For a plant its size (roughly 1/100 the size of the typical 500 MW power plant), the Capitol Power Plant used to produce a remarkably high quantity of the type of particulate matter (PM2.5) most closely associated with human health effects. As shown in Table 1, in 2002, the plant emitted a full 65 percent of the PM2.5 emitted in the District of Columbia by fixed sources (excluding automobiles, buses, trucks, trains and shipping). With the two other large power plants in the District of Columbia closed, and the CPP transition to cleaner energy, all of the emissions have been significantly reduced.

Particle pollution, also called particulate matter or PM, is one of six criteria pollutants (PM, lead, mercury, sulfur dioxide, nitrogen oxide, and ozone) regulated by the Environmental Protection Agency. PM is a complex mixture of extremely small particles and liquid droplets in the air. When inhaled, these particles can reach the deepest regions of the lungs. Exposure to particle pollution is linked to a variety of significant health problems, ranging from aggravated asthma to premature death in people with heart and lung disease. Particle pollution also is the main cause of visibility impairment in the nation's cities and national parks. Fine particles (PM2.5) are 2.5 micrometers in diameter and smaller; and inhalable coarse particles (PM10) are smaller than 10 micrometers and larger than 2.5 micrometers.

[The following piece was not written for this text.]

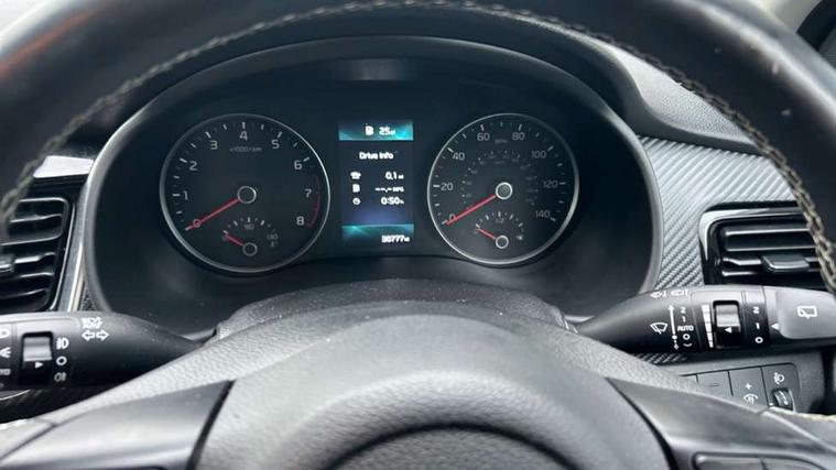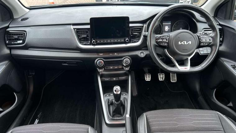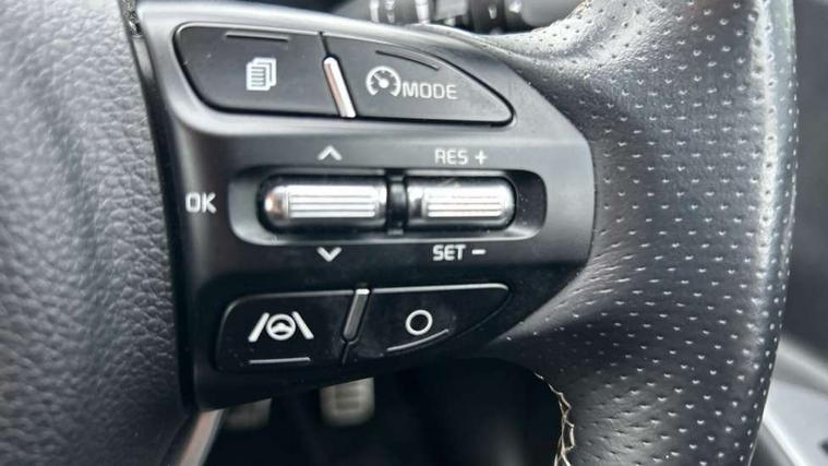 4.2" supervision colour cluster display, 8" touchscreen navigation, Apple car play/Android Auto with voice control, Blind spot collision warning, Cruise control + speed limiter, Drive mode selector, Electric power steering, Emergency stop signalling system, External temperature display, Forward Collision-Avoidance Assist (FCA) - City/Pedestrian/Cyclist, Front parking sensors, Intelligent speed limit assist, Kia connected services featuring TomTom live, Lane keeping assist system (LKAS), Driver attention warning (DAW) and High beam assist (HBA), Rear parking sensor, Reversing camera system, Trip computer, UVO connect, Intelligent Stop and Go, Audio system with 6 speakers, Bluetooth with music streaming, Front USB port, Rear USB port, Steering wheel mounted controls, Aero blade type windshield wipers, All round electric windows with drivers auto up/down function, Auto dimming rear view mirror, Automatic defog system, Automatic headlights control, Black side sill, door garnish and wheel arch trims, Black/body colour bumpers, Body coloured exterior door handles, Chrome side window trim, Electrically adjustable/heated/folding door mirrors with LED indicators, Front and rear silver skid plates, Gloss black door mirrors with matt black lower housing, GT-Line body kit, Headlight levelling device, Heated rear window, High gloss black and satin radiator grille, LED Bi-function projection headlights with static bending, LED daytime running lights, LED front fog lights, LED rear combination lights, Privacy glass - Rear windows and tailgate, Rain sensing front wipers, Rear fog lights, Rear wash/wipe, Roof coloured rear spoiler with high mounted braking light, Roof rails, Shark fin antenna, Solar windshield glass, Speed variable front wipers, Tinted glass, Two tone paint, Welcome and follow-me home light functionality, Windscreen Washer Level Warning, 12V power point front, 60/40 split folding rear seat, Air filter, All-round height adjustable headrests, Aluminium pedals, Automatic air conditioning, Centre armrest storage box, Centre console with cupholders, D-Cut perforated leather trimmed steering wheel, Dash illumination dimmer switch, Driver's seat height adjuster, Dual Height Luggage Area Floor, Front and centre cabin lights, Front and rear door map pockets with bottle holder, Gear shift indicator, Glovebox illumination, GT-Line cloth/faux leather upholstery, Heated front seats, Heated steering wheel, ISOFIX Child seat top tethers and anchor fixings outer rear seats, Leather trimmed gearshift, Luggage area light, Luggage area parcel shelf, Luggage net, Luggage net with hooks, Overhead console lamp, Overhead console with sunglasses cases, Passenger front seatback pockets, Passenger seat height adjuster, Satin chrome interior door handles, Sunvisors with vanity mirror illumination (Driver and front passenger), Tilt/telescopic adjustable steering wheel, ABS with Electronic Brakeforce Distribution (EBD) and Brake Assist System (BAS), All round 3-point seatbelts, Electronic stability control (ESC) and vehicle stability management (VSM), Front passenger airbag cut-off switch, Front seatbelt pretensioners + load limiters, Height adjustable front seatbelts, Hill start assist control (HAC), Impact sensing auto door unlocking, Rear seat Occupancy alert, Seatbelt reminder warning, Twin curtain airbags, Twin front airbags, Twin front side airbags, Tyre pressure monitoring system, Alarm system, Door deadlocks, Engine immobiliser, Locking wheel nuts, Smart key with engine start/stop button, Speed sensitive auto door locking, Visible vehicle identification number, High gloss black centre fascia, 17" GT-Line alloy wheels, Tyre mobility kit,

In 2006, EPA tightened the 24-hour fine particle standard from 65 micrograms per cubic meter to 35 micrograms per cubic meter, while leaving the annual fine particle unchanged. EPA retained the annual fine particle standard at 15 micrograms per cubic meter. EPA retained the pre-existing 24-hour PM10 standard of 150 micrograms per cubic meter. Due to a lack of evidence linking health problems to long-term exposure to coarse particle pollution, the agency revoked the annual PM10 standard.